PROBLEM TO WORK ON:
Leave the pictures out and return every line below exactly.

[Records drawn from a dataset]

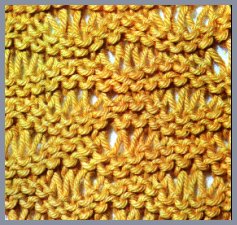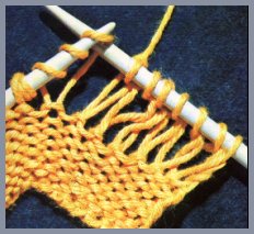 Ce point peut être tricoté en association avec du point de jersey, ou avec du point de jarretière pour faire une bande de tricot ajouré, mais on peut également l'employer seul pour réaliser des ouvrages demandant de la légèreté (écharpes, liseuses, etc...). Commencer par un rang à l'endroit et, à chaque maille enrouler le fil trois fois autour de l'aiguille (voir ci-haut). Au rang suivant, tricoter ces mailles à l'endroit ou à l'envers selon les besoins du point, en laissant glisser les 3 boucles supplémentaires de chaque maille (voir ci-haut)
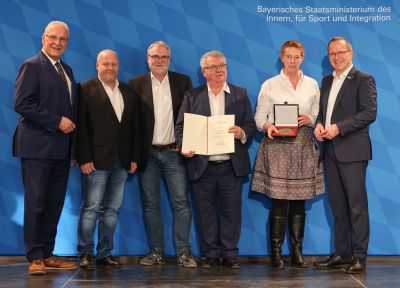 Innenminister Joachim Hermann händigte, gemeinsam mit dem Präsidenten des Bayerischen Landessportverbandes Joerg Ammon die Sportplakette des Bundespräsidenten, an den Vorsitzenden Alexander Schraut und seinen Vorstandsmitgliedern des SV Amendingen, aus.
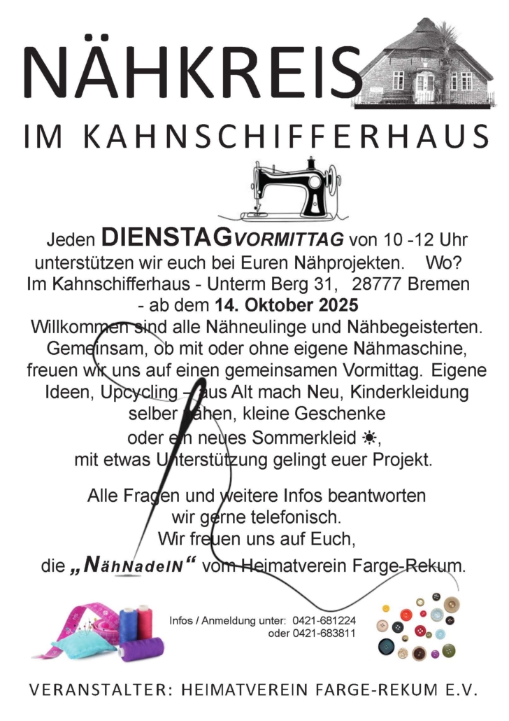 Gewerkelt wird dann im historischen Kahnschifferhaus, Unterm Berg 31. Willkommen dazu sind nicht nur diejenigen, die gerne nähen, sondern auch Neulinge, die sich daran versuchen möchten.
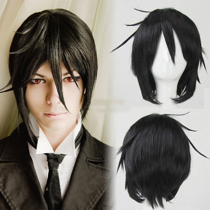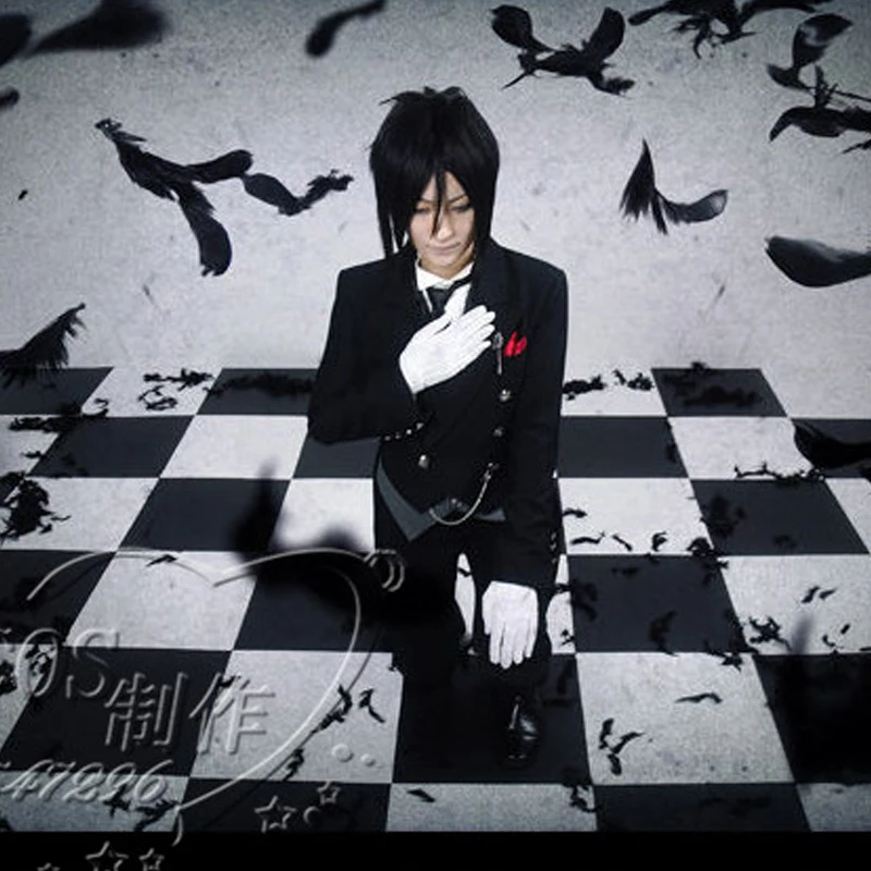 Парик мужскойженский из аниме Черный Дворецкий, костюм для косплея Себастьяна михаэлиса курошицуджи, униформа черного цвета, одежда на Хэллоуин, костюмы
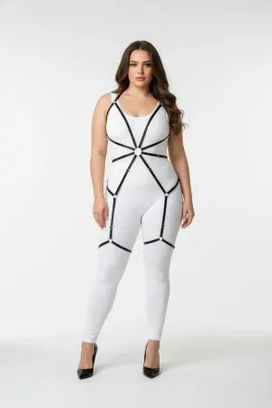 Black Body Harness Faux Leather with Adjustable Leg Detail - APFT234
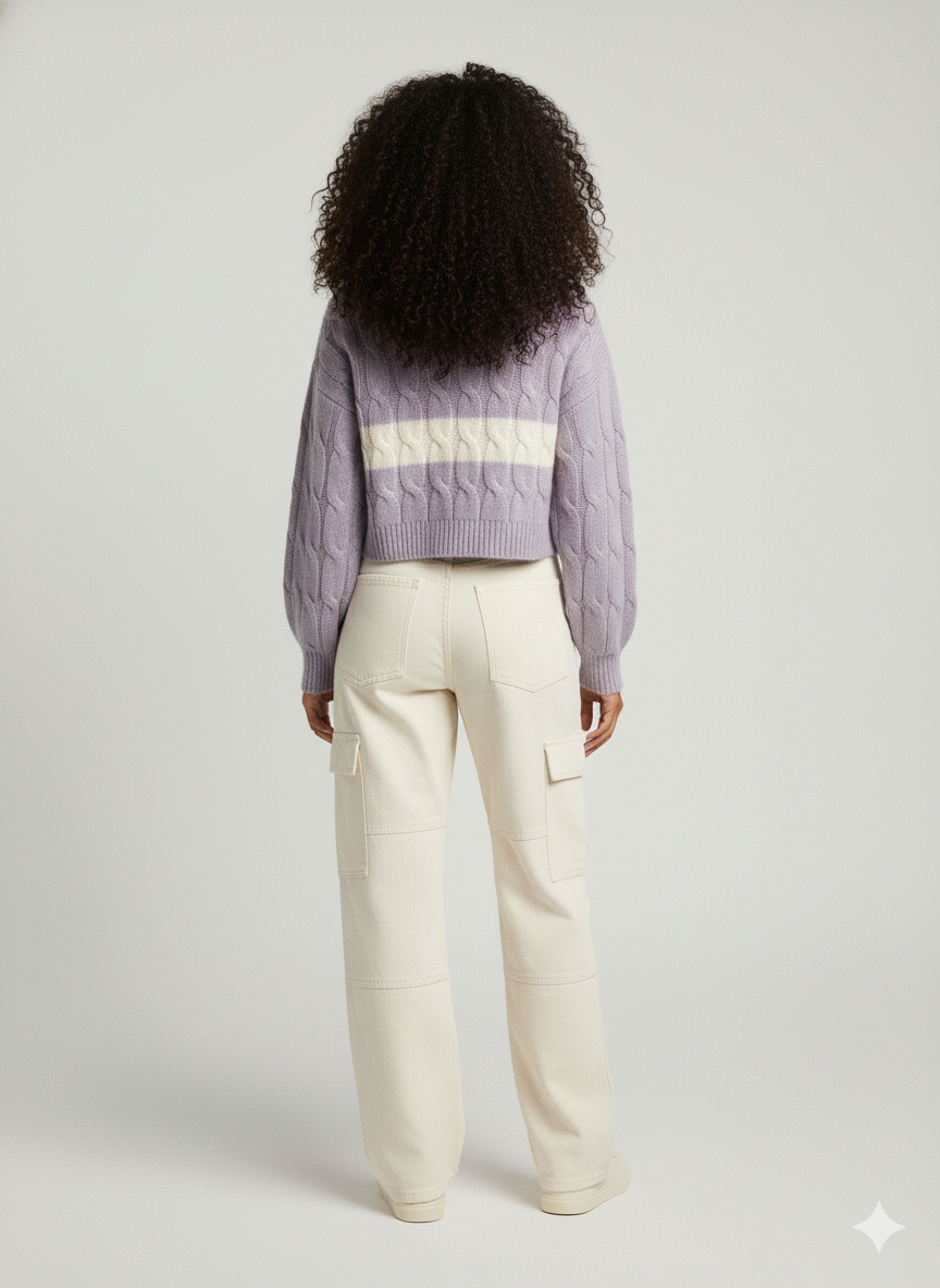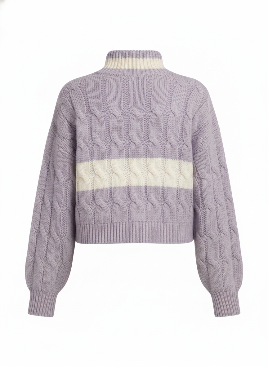 A premium cable-knit sweater designed with a structured high-neck collar and contrasting horizontal stripe detailing for elevated visual interest. The cropped silhouette combined with voluminous sleeves delivers a modern yet timeless winterwear proposition. Engineered for warmth, comfort, and style consistency across repeat wear cycles.

RESPONSE FOR THIS EXERCISE:
 Ce point peut être tricoté en association avec du point de jersey, ou avec du point de jarretière pour faire une bande de tricot ajouré, mais on peut également l'employer seul pour réaliser des ouvrages demandant de la légèreté (écharpes, liseuses, etc...). Commencer par un rang à l'endroit et, à chaque maille enrouler le fil trois fois autour de l'aiguille (voir ci-haut). Au rang suivant, tricoter ces mailles à l'endroit ou à l'envers selon les besoins du point, en laissant glisser les 3 boucles supplémentaires de chaque maille (voir ci-haut)
 Innenminister Joachim Hermann händigte, gemeinsam mit dem Präsidenten des Bayerischen Landessportverbandes Joerg Ammon die Sportplakette des Bundespräsidenten, an den Vorsitzenden Alexander Schraut und seinen Vorstandsmitgliedern des SV Amendingen, aus.
 Gewerkelt wird dann im historischen Kahnschifferhaus, Unterm Berg 31. Willkommen dazu sind nicht nur diejenigen, die gerne nähen, sondern auch Neulinge, die sich daran versuchen möchten.
 Парик мужскойженский из аниме Черный Дворецкий, костюм для косплея Себастьяна михаэлиса курошицуджи, униформа черного цвета, одежда на Хэллоуин, костюмы
 Black Body Harness Faux Leather with Adjustable Leg Detail - APFT234
 A premium cable-knit sweater designed with a structured high-neck collar and contrasting horizontal stripe detailing for elevated visual interest. The cropped silhouette combined with voluminous sleeves delivers a modern yet timeless winterwear proposition. Engineered for warmth, comfort, and style consistency across repeat wear cycles.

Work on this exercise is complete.